Arbitrator Decides Whether Agreement is Unconscionable: The U.S. Supreme Court held in Rent-a-Center West v. Jackson that, under the Federal Arbitration Act, when a party challenges the enforceability of the entire arbitration agreement, the question is resolved by the arbitrator. If the party challenges a specific provision allowing the arbitrator to determine the enforceability of the agreement, however, the issue is considered by the court.
Immigration
Real Enforcement with Practical Alternatives for Immigration Reform (REPAIR): Senate Democrats' draft proposal for immigration reform would require employers to verify the work status of new employees through new biometric Social Security cards, substantially increase monetary penalties for illegally hiring workers, and limit employers from hiring lower-skilled foreign workers to only those circumstances where American workers are unavailable.
Department of Labor
Enhanced Enforcement Strategy: The U.S. Department of Labor (DOL) outlined its new regulatory and enforcement strategy entitled, “Plan/Prevent/Protect": The Beginning of a Broader Regulatory and Enforcement Strategy. The strategy seeks to require employers to make efforts to uncover and correct violations before the DOL begins its investigation. Under this enhanced regulatory agenda, agencies at the DOL, such as the Occupational Safety and Health Administration (OSHA), Mine Safety and Health Administration (MSHA), Office of Federal Contract Compliance Programs (OFCCP), and the Wage and Hour Division (WHD), will propose regulatory actions that require employers to develop programs to address certain employment law compliance issues.
Labor
Labor Board Cannot Act with Two Members: The U.S. Supreme Court held in New Process Steel LP v. NLRB that the National Labor Relations Board does not have authority to act with only two members. The normally five-member board must have at least three members to issue decisions. Over a 27-month period beginning on December 31, 2007, a two-member board decided nearly 600 decisions.
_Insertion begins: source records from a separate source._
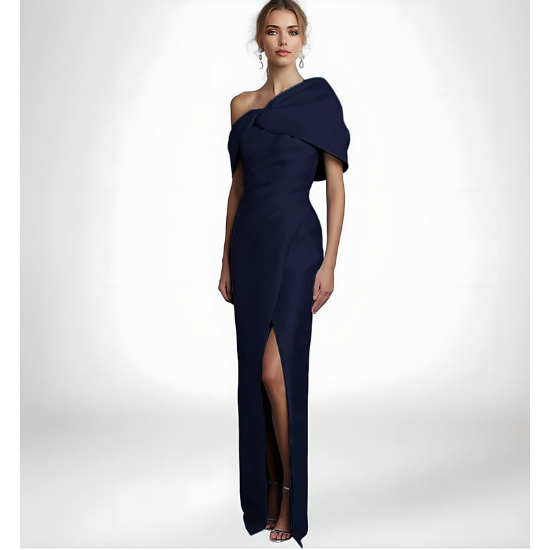Sheath Column Floor Length Evening Gown Ball Gown with Overskirt Formal Dress Elegant Luxurious Sleeveless One Shoulder Wedding Guest Cocktail Party Satin with Overskirt Pure Color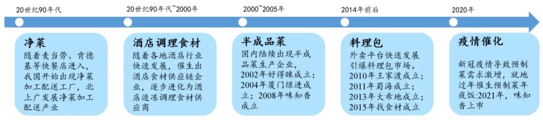 從行業(yè)歷史發(fā)展來看,其實預(yù)制菜在中國可以追溯到至少30年前。20世紀90年代,隨著麥當勞、肯德基等快餐店進入,我國出現(xiàn)了一批凈菜加工配送企業(yè),但他們大多以原料型凈菜粗加工企業(yè)為主。之后逐步經(jīng)歷了酒店調(diào)理食材、半成品菜、料理包,再到現(xiàn)在預(yù)制菜肴的過程。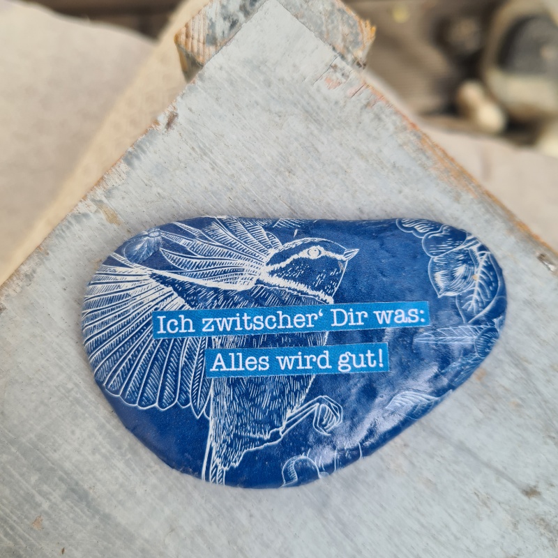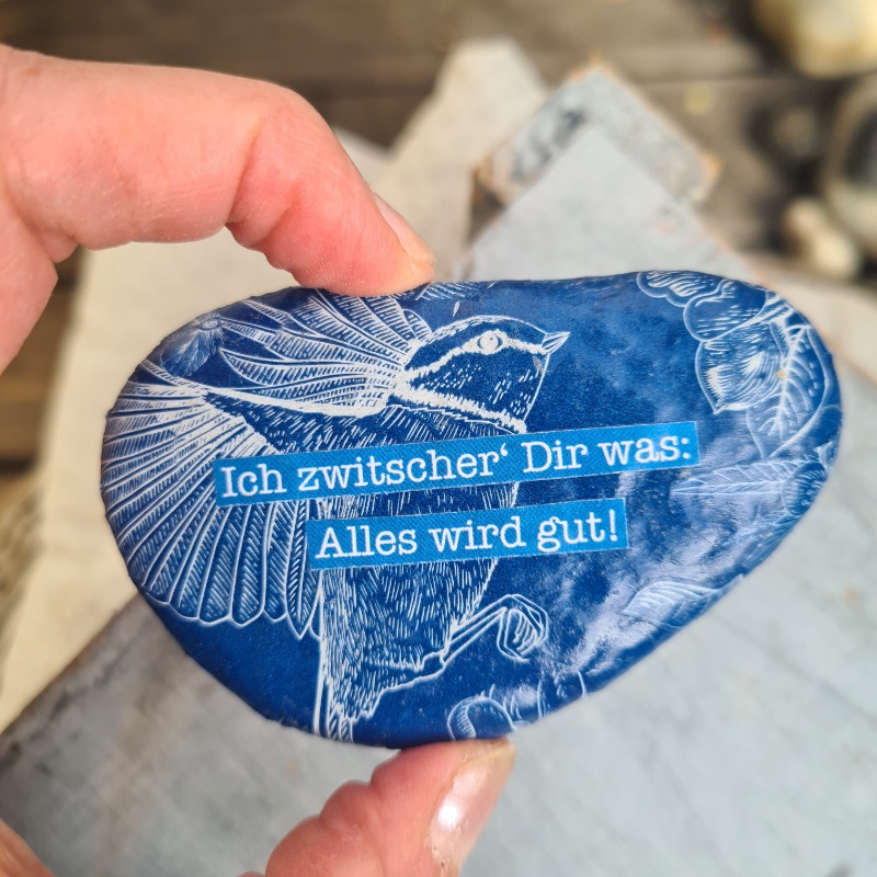 Ich zwitscher‘ Dir was: Alles wird gut. Das trällert der Vogel auf dem Stein Dir zu und sorgt für Zuversicht. Ein hübscher, blauer Geschenk-Stein zur Aufmunterung und für ein Lächeln im Gesicht.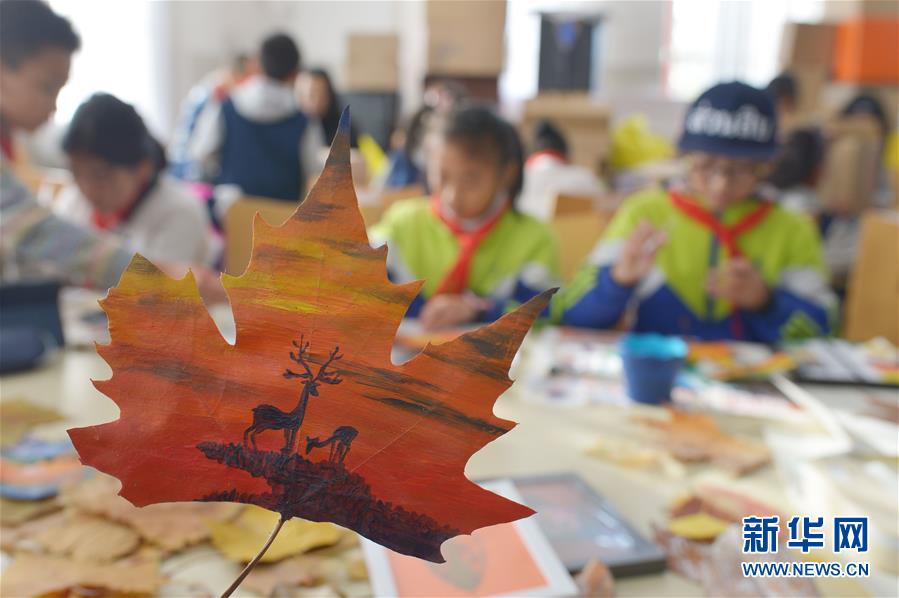 近日,山东省青岛市实验小学的孩子们搜集各种落叶,通过白描、彩绘、镂刻等方式,对树叶进行创意绘画,留住多彩秋天。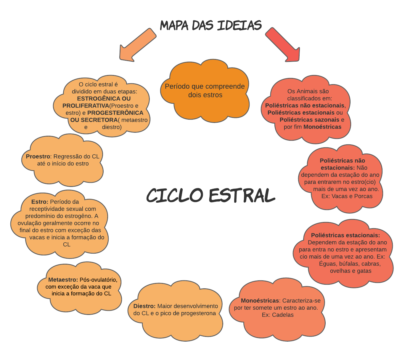 CI CLO ESTRAL Período que compreende dois estros Os Animais são classificados em: Poliéstricas não estacionais, Poliéstricas estacionais ou Poliéstricas sazonais e por fim Monoéstricas Poliéstricas não estacionais: Não dependem da estação do ano para entrarem no estro(cio) mais de uma vez ao ano. Ex: Vacas e Porcas Poliéstricas estacionais: Dependem da estação do ano para entra no estro e apresentam cio mais de uma vez ao ano. Ex: Éguas, búfalas, cabras, ovelhas e gatas Monoéstricas: Caracteriza-se por ter somete um estro ao ano. Ex: Cadelas O ciclo estral é dividido em duas etapas: ESTROGÊNICA OU PROLIFERATIVA(Proestro e estro) e PROGESTERÔNICA OU SECRETORA( metaestro e diestro) Proestro: Regressão do CL até o início do estro Estro: Período da receptividade sexual com predomínio do estrogêno. A ovulação geralmente ocorre no final do estro com exceção das vacas e inicia a formação do CL Metaestro: Pós-ovulatório, com exceção da vaca que inicia a formação do CL Diestro: Maior desenvolvimento do CL e o pico de progesterona MAPA DAS I DEI AS MAPA MENTAL SOBRE CICLO ESTRAL Page 1

Two Board Members Confirmed: The U.S. Senate confirmed two outstanding appointees to the National Labor Relations Board — Bryan Hayes, a Republican labor coordinator for the Senate Committee on Health, Education, Labor and Pensions, and Mark Pearce, founder of a law firm representing unions — giving the board a full complement of members. The board is now composed of three Democrats and two Republicans.
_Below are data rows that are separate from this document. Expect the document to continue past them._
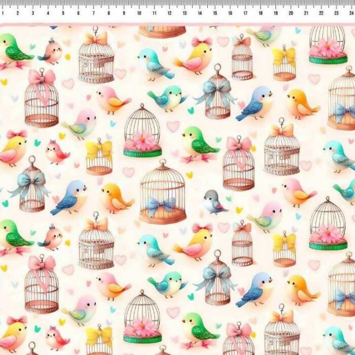 Descrição Tecido Tricoline Digital Pássaros Gaiolas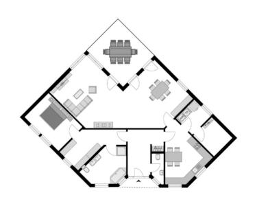 Mit einer kompakten Netto-Raumfläche von 94 m² präsentiert sich der Entwurf des Bungalows mit einem behaglichen und lichtdurchfluteten Wohn-/Ess- und Kochbereich, der clever übereck angelegt ist. Ein praktischer Zusatzraum bietet vielseitige Nutzungsmöglichkeiten, sei es als Kinderzimmer, Büro, Gästezimmer oder Hobbyraum. Das Raumkonzept ist ideal für Singles, Paare oder kleine Familien geeignet. Ein geräumiges Schlafzimmer mit großzügiger Stellfläche, ein Bad sowie ein Gäste-WC vervollständigen das Angebot an Räumlichkeiten.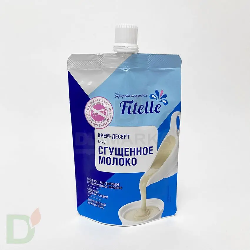 <h2>Вкуснее и полезнее обычной сгущенки</h2> Крем-десерт "Сгущеное молоко" от Fitelle - самый настоящий пп-десерт! Вы думали такое не возможно? Уверяем вас, в 21 веке возможно и не такое;)<br> <br> Снизить калорийность и содержание углеводов удалось благодаря использованию в рецептуре десерта обезжиренного молока и натуральных подсластителей. Сгущенка Фитэль может использоваться как самостоятельный десерт, а также как добавка к каше, блинчикам, творогу и т.д.<br> <h2>Продукт дополнительно обогащен пребиотиками</h2> ...а именно инулином. Это благотворно влияет на здоровье ЖКТ.<br> <h2>Пищевая и энергетическая ценность на 100 г продукта</h2> 190 кКал / 790 кДж, белки - 5.0 г, жиры - 4.0 г, углеводы - 52.0 г.<br> <h2>Состав крем-десерта "Сгущенное молоко" без сахара</h2> смесь подсластителей (мальтит, экстракт стевии), мальтитный сироп, вода, молоко сухое обезжиренное с жирностью не более 1,5%, молочного жира, инулин, загустители (гуаровая камедь, камедь рожкового дерева), ароматизатор "Сгущенное молоко", натуральный пищевой консервант сорбиновая кислота<br> <br> <b>Масса нетто: 100 грамм</b>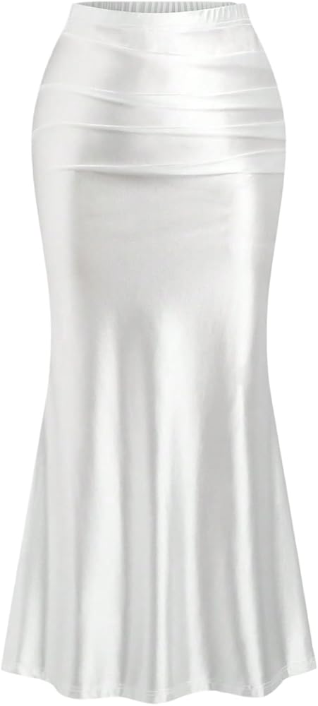 تنورة Floerns النسائية ذات الحجم الكبير الأنيقة عالية الخصر للحفلات ذات ذيل السمكة متوسطة الطول in Kuwait

Airline and Railway Unionization Made Easier: The National Mediation Board (NMB) reversed a 75-year-old rule and made it easier for airline and railway employees to unionize. Previously, an employee who did not cast a ballot counted as a "no" for unionization. Under the new rule, an employee who does not cast a ballot is not counted. The majority of employees actually casting ballots will determine whether the union becomes the exclusive bargaining representative. The Air Transport Association, an industry organization representing airlines in the U.S., filed suit in federal district court seeking to overturn the NMB’s decision, but the district court upheld NMB’s rule change.
Privacy Rights
Employee Text Messages: The U.S. Supreme Court held in City of Ontario, Calif. v. Jeff Quon that a text message search of a police officer's city-provided pager was lawful because, despite the officer's reasonable expectation of privacy, it was motivated by a legitimate work-related purpose and was not excessive in scope.
FMLA
FMLA Leave Expanded: The U.S. Department of Labor issued an Administrative Interpretation expanding the right to parental leave under the FMLA to employees who assume a child-caring role regardless of whether the employee has a legal or biological relationship to the child.